The sound was deafening in the small space. Sal's body slumped forward, blood spreading across the cheap folding table, his eyes still open, still surprised that I'd actually done it.

One less threat to Julietta.

One less man who knew the truth about Elena.

One step closer to keeping her safe.

Vince appeared in the doorway. "Clean?"

"Clean." I stepped over Sal's body. "Burn it. Make sure there's nothing left to find."

By the time I returned to the compound, dawn was breaking over Chicago. The city looked almost peaceful from this height—all glass and steel and the promise of another day where people went about their lives not knowing what monsters moved beneath the surface.

Julietta was still asleep when I checked our bedroom. I stood in the doorway, watching her breathe, her auburn hair spread across the pillow like fire.

I should tell her about Elena.

The thought had been circling since Sal's confession. She deserved to know. Deserved to understand the full scope of Lorenzo's cruelty. Deserved to make her own choices about what to do with that information.

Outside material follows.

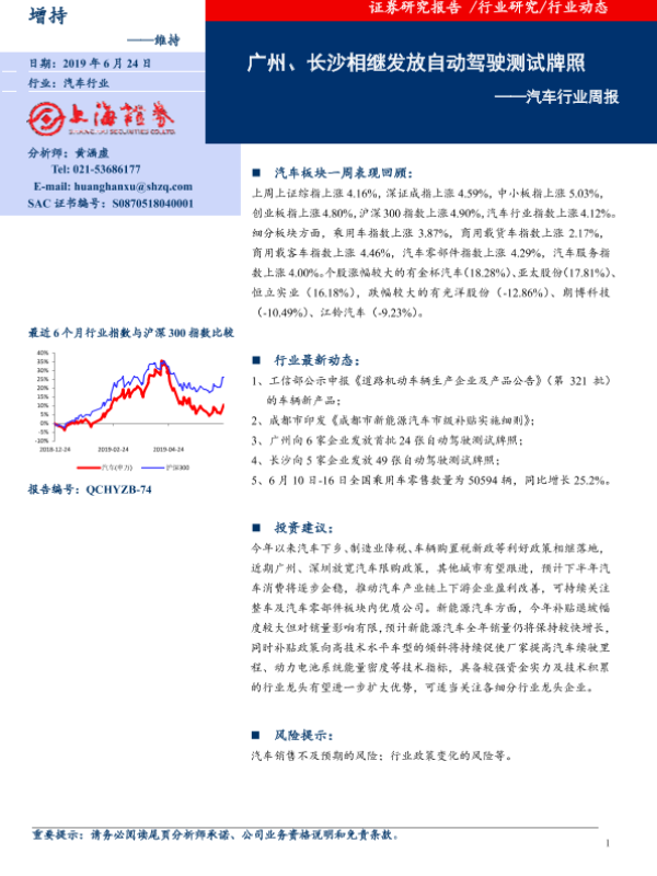 【上海证券】【20190624】20190624-上海证券-汽车行业周报:广州、长沙相继发放自动驾驶测试牌照-7页

But every time I thought about saying the words—Your father murdered your mother—I saw the way it would break her. The way it would shatter the fragile trust we'd built. The way she'd look at me and realize I'd known from the beginning and said nothing.

I'd been protecting her. That's what I told myself. Protecting her from a truth that would destroy her.

But standing there, watching her sleep, I knew the real reason I hadn't told her.

Because telling her would mean losing her.

She'd see me as complicit. As another man who'd decided what she could handle, what she deserved to know, what truth she was strong enough to carry. She'd see me as no different from Lorenzo—another powerful man treating her like property instead of a person.